I had a nice surprise yesterday - a letter from a magazine saying they want to publish one of my 'top tips'. This was a surprise firstly because I didn't remember sending it in and secondly because I can't even remember what the tip was!
I'm guessing it wasn't one of the following:
- Don't bother laying flooring - bare concrete never shows the dirt.
- If you don't cut your grass then eventually it will get to such a height it hides all the weeds in your garden.
- If you don't invite anyone round then you don't have to tidy up.
- Do your building work over as long a period as possible then you'll always have a good excuse for your house being in complete chaos.
Well, it was a nice distraction from post emailing angst anyway. I pressed the send button on my chapter and synopsis for my M&B editor slot with Jenny Hutton. I then woke up the next day with the sudden realisation that I'd forgotten to give a hastily created secondary character any distinguishing physical characteristic (wooden leg, glass eye, severe facial disfigurement... that kind of thing).
Ah well, such is writing life. Overall I'm reasonably happy with it.
I've also been having a very interesting conversation about smells with my tiler, (should have consulted him about the alpha scents debate :-) whilst forcing first aid on him. Eventually he accepted my nursing but only on the grounds that he "didnae wanna get blood in ya grout". His favourite smell is one that apparently came second in a poll of people's favourites - clean sheets fresh from the line being ironed or drying on the range.
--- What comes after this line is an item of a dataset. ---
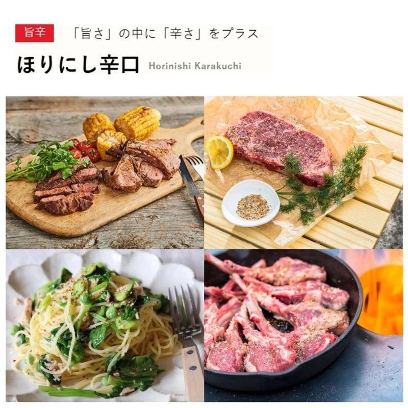 「HORINISHI 萬能調味粉(ほりにし)」,是由和歌山縣的知名戶外用品店「Orange」於2019年所推出的萬能辣味調味粉。熱愛戶外活動的店經理堀西晃弘以露營體驗為靈感,希望能研發出一款適合日本人口味、適合在露營時搭配各種下酒料理的調味產品

Which reminds me I should go and do some washing and make some pretence of being the kind of domestic goddess who dispenses top tips...
8 comments:
Ah, Lorraine, you make me laugh! Love the tips and congrats on selling one.
Ooh I LOVE these tips! Think all us writers understand - after all... we'd all rather be dreaming up fantasy people than dusting our bookshelves, right?!!!
Congrats on selling your top tip. Can't wait to hear what it actually was... you will tell us when you find out, won't you?!
Yay on the tip. I particularly like number 3. I agree with the tiler, that's one of my favourite smells. And also he's right, getting blood in your grout wouldn't be pleasant. :-)
Thanks Lucy. I'd like to think that Rach is right and it's dedication to writing that is responsible for my messy home!
Rach, unfortunately it might have to remain a mystery to us both - I re-read the letter and it was published in Prima's June issue. The issue currently in Tescos is July (I think, will have to check) so I may never know which particular nugget of wisdom was deemed worthy of publication.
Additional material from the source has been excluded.